● INSTRUCTIONS TO FOLLOW: Your response to the data below should hold nothing except the lines from the one containing "También, en el" down to the one containing "There are 2", reproduced exactly and without pictures.

● RECORDS FOR PROCESSING:
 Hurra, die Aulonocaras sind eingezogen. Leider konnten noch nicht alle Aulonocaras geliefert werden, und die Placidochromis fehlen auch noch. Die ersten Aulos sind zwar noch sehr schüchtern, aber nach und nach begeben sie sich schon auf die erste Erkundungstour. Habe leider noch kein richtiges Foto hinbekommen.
==
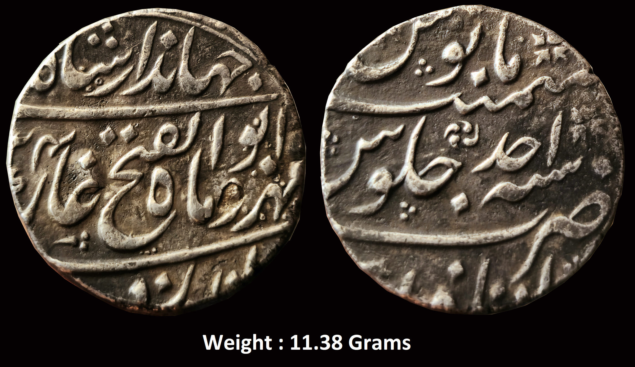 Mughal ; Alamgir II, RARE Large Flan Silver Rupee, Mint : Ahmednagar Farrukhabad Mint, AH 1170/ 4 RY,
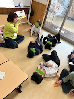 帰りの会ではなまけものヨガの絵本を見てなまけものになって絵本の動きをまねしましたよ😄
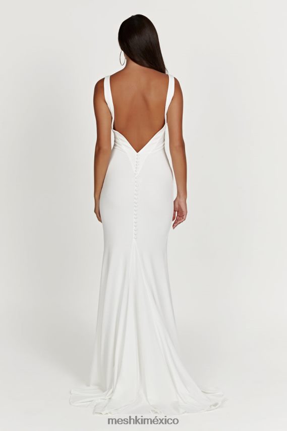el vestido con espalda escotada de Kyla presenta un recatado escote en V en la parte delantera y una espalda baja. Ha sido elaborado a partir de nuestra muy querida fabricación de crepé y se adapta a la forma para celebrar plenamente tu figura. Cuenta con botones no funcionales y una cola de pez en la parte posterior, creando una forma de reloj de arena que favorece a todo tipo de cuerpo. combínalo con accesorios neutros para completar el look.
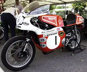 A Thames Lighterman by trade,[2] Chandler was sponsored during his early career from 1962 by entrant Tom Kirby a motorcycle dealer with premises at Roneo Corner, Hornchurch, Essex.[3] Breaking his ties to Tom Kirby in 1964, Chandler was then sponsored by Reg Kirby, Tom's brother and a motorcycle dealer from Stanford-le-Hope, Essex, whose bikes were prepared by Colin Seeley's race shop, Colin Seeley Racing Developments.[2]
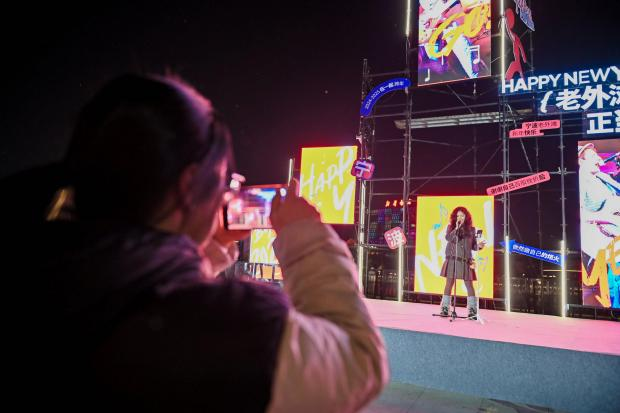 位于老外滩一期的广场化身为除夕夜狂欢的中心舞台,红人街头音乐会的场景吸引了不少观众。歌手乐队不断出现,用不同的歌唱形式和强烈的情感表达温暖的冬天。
--
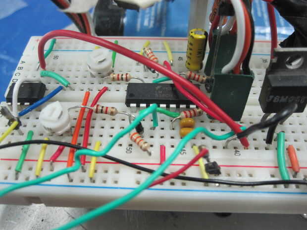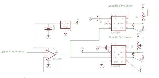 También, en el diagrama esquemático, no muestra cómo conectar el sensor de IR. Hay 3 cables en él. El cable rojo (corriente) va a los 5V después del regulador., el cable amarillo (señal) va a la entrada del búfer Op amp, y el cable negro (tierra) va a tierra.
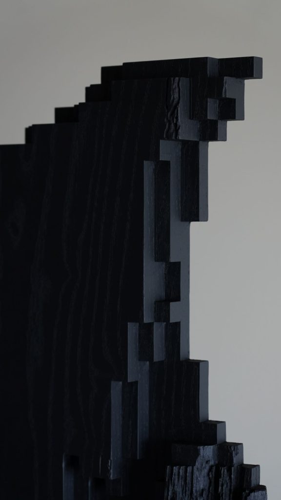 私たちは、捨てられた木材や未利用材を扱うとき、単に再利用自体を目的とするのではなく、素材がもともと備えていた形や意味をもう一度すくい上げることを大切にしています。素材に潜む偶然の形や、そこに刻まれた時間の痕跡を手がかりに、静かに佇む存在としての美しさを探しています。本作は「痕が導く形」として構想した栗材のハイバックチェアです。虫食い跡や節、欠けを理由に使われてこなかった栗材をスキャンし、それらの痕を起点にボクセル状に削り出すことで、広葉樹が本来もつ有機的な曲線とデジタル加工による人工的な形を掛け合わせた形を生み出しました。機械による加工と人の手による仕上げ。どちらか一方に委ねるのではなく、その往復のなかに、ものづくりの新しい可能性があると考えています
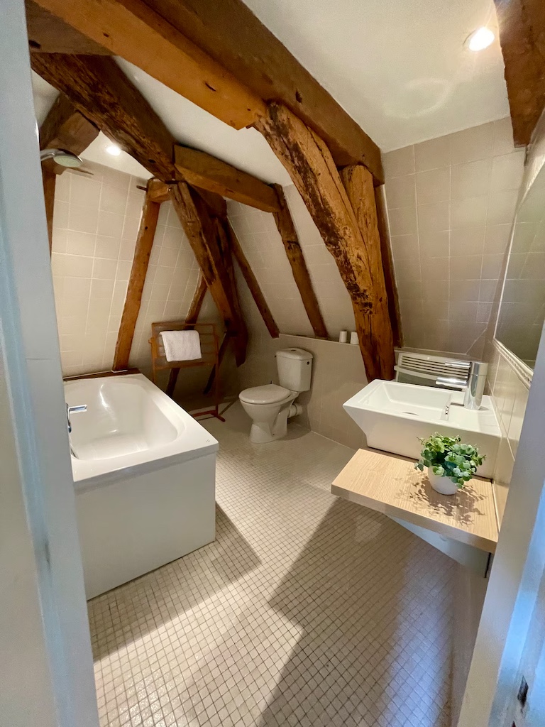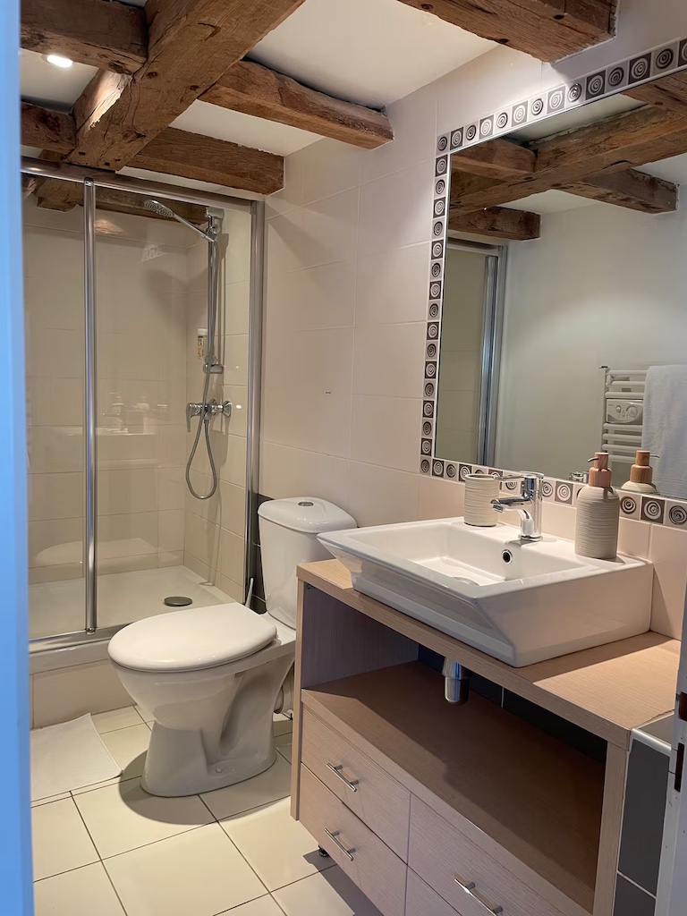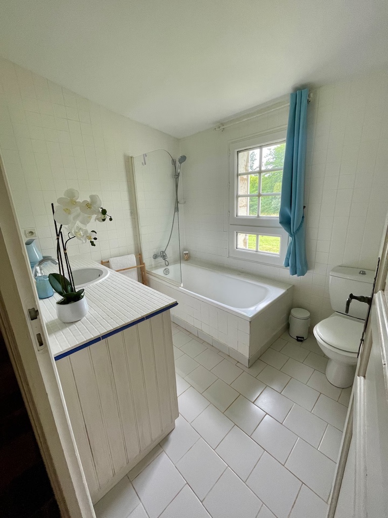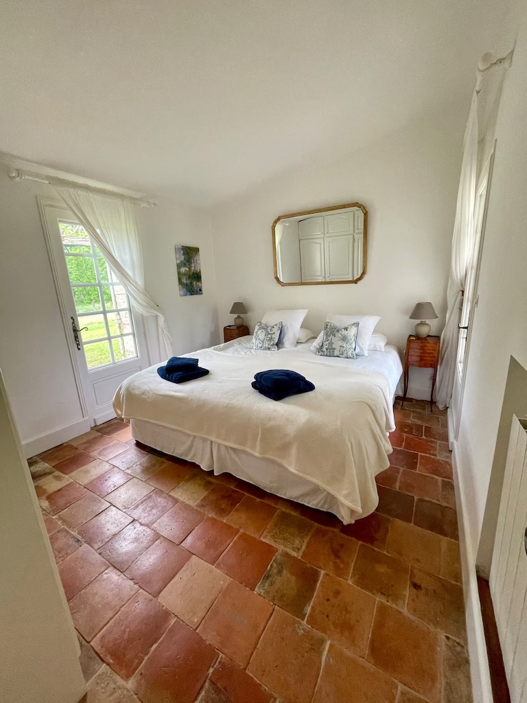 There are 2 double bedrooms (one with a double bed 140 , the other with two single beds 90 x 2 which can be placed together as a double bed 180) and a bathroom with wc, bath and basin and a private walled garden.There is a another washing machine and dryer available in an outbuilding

● RESPONSE BELOW:
 También, en el diagrama esquemático, no muestra cómo conectar el sensor de IR. Hay 3 cables en él. El cable rojo (corriente) va a los 5V después del regulador., el cable amarillo (señal) va a la entrada del búfer Op amp, y el cable negro (tierra) va a tierra.
 私たちは、捨てられた木材や未利用材を扱うとき、単に再利用自体を目的とするのではなく、素材がもともと備えていた形や意味をもう一度すくい上げることを大切にしています。素材に潜む偶然の形や、そこに刻まれた時間の痕跡を手がかりに、静かに佇む存在としての美しさを探しています。本作は「痕が導く形」として構想した栗材のハイバックチェアです。虫食い跡や節、欠けを理由に使われてこなかった栗材をスキャンし、それらの痕を起点にボクセル状に削り出すことで、広葉樹が本来もつ有機的な曲線とデジタル加工による人工的な形を掛け合わせた形を生み出しました。機械による加工と人の手による仕上げ。どちらか一方に委ねるのではなく、その往復のなかに、ものづくりの新しい可能性があると考えています
 There are 2 double bedrooms (one with a double bed 140 , the other with two single beds 90 x 2 which can be placed together as a double bed 180) and a bathroom with wc, bath and basin and a private walled garden.There is a another washing machine and dryer available in an outbuilding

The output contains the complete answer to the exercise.